The revelation this week that Alex Salmond met with News Corporation head, and worldwide media magnate, Rupert Murdoch to discuss gaining the support of the Murdoch press for the Scottish National Party at the Scottish Parliamentary Elections last May for which Mr Salmond would, in return, lobby the Westminster Government on behalf of the BSkyB takeover bid of Sky has rocked the normally immaculate public image of the First Minister.

The evidence given shows that Mr Salmond met with Murdoch on six different occasions since October 2007, until their most recent documented meeting on the 29th February this year. In addition to this, they had four confirmed telephone calls, with three more possible conversations, which have not been confirmed.

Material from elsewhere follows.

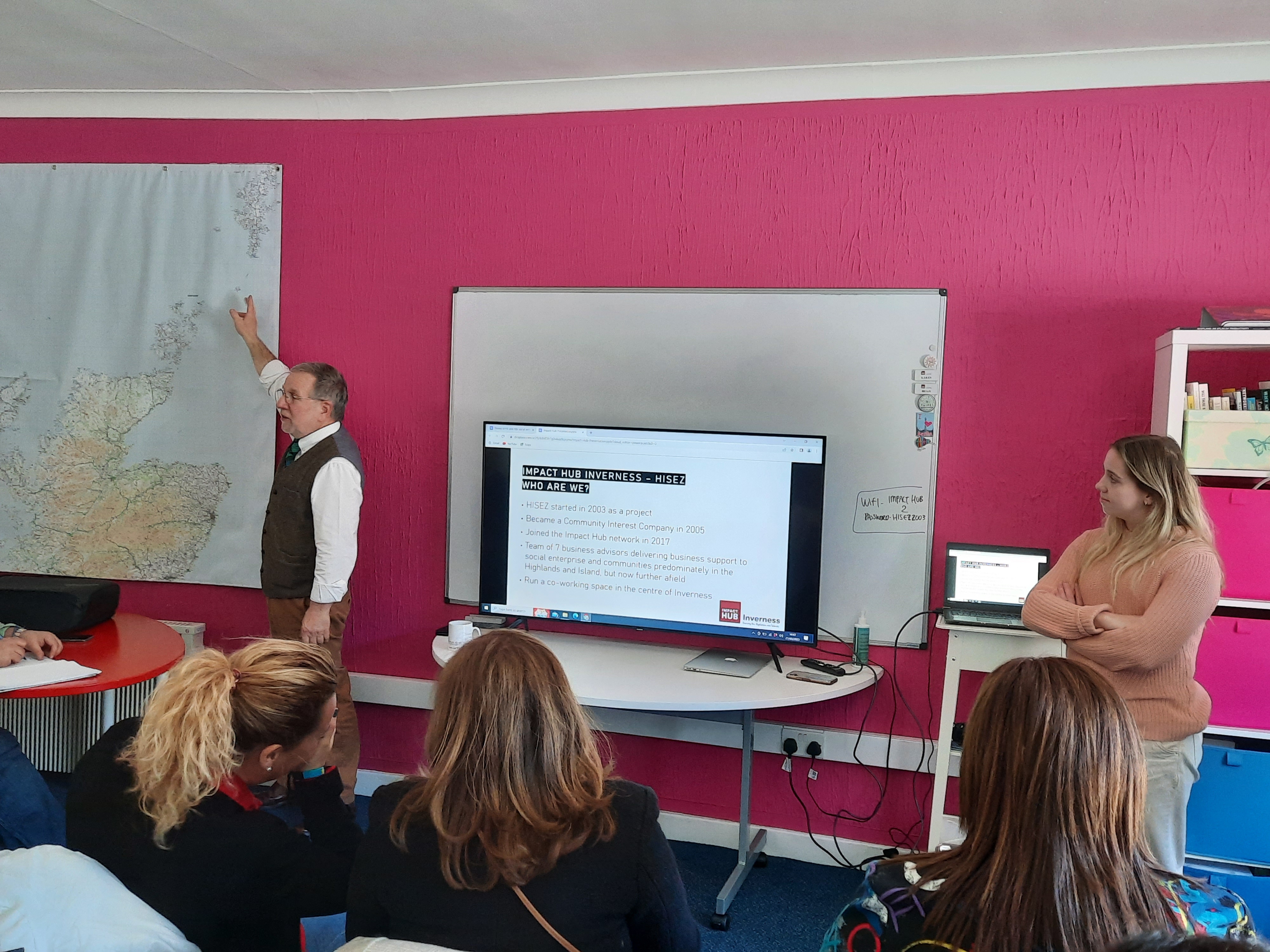 Por la tarde hubo una visita al Impact Hub Inverness, donde Brian Weaver, cofundador del HUB, habló de los tiempos felices anteriores al Brexit y de su proyecto, que si bien no recibe ayudas públicas directas, son las Instituciones Públicas sus principales clientes. Además se tuvo oportunidad de conocer otros proyectos con implicación comunitaria, como Highland Comunity Waste Partnership a través de su coordinadora Isabel McLeish, orientado al fomento del reciclaje y la segunda oportunidad de todo tipo de enseres, con una clara base medioambiental.

At First Minister's Questions in the Scottish Parliament on Thursday 26th April, Mr Salmond claimed he was prepared to lobby for BSkyB in order to save over 6000 jobs which BSkyB has in Scotland, and the First Minister said he had concerns over the potential loss of these jobs.

He claimed that: "One of the issues that was being discussed last year was that BSkyB were moving from nine contractors to two contractors, and that carried with it the risk of major job losses in Scotland, unless Scotland won the contracts."

Opposition Scottish Labour Leader Johann Lamont, rounded on the First Minister saying, "Some say the First Minister has been devious, conniving, double dealing - isn't he just trying to cover up the fact a rich man has played him for a fool again?”

It has also been suggested by News Corporation, who told the Levenson Inquiry that a meeting between Murdoch and Mr Salmond took place during New York City's 'Tarta Week' last year, and that this had not been disclosed by the Scottish Government.

So, the question is: can the First Minister survive these allegations, and what damage will it do to his reputation?

Undoubtedly, the First Minister will survive the allegations. So far, the UK press has only picked at the story in a minor sense, having jumped on Jeremy Hunt's alleged actions with BSkyB instead. The Scottish press and politicians have sought to gain political advantage from this, as they have the right to do so. Alex Salmond is percieved, on the whole, in Scotland as the closest thing Scotland has to a statesman, or even a Presidential figure. He is seen my most ordinary Scots as a charismatic and intelligent man who is putting Scotland's case to the rest of the world, and is prepared to talk up Scotland's ability to 'go it alone' which tends to play much better than Scottish Labour's 'we'd couldn't cope without England' approach.

He may temporarily be negatively portrayed in the media, but the First Minister will find a way of coming out relatively unscathed, unlike the UK Culture Secretary who may find himself out of the cabinet within a week or two should the unrelenting public and media pressure continue.

Mr Salmond should see a small slump in the polls, but I doubt that anything significant will happen, as opposition leaders in the Scottish Parliament are yet to find a way of attracting massive amounts of public attention in the wake of the SNP's victory at last year's elections, and they will struggle to make the most political gain out of this situation.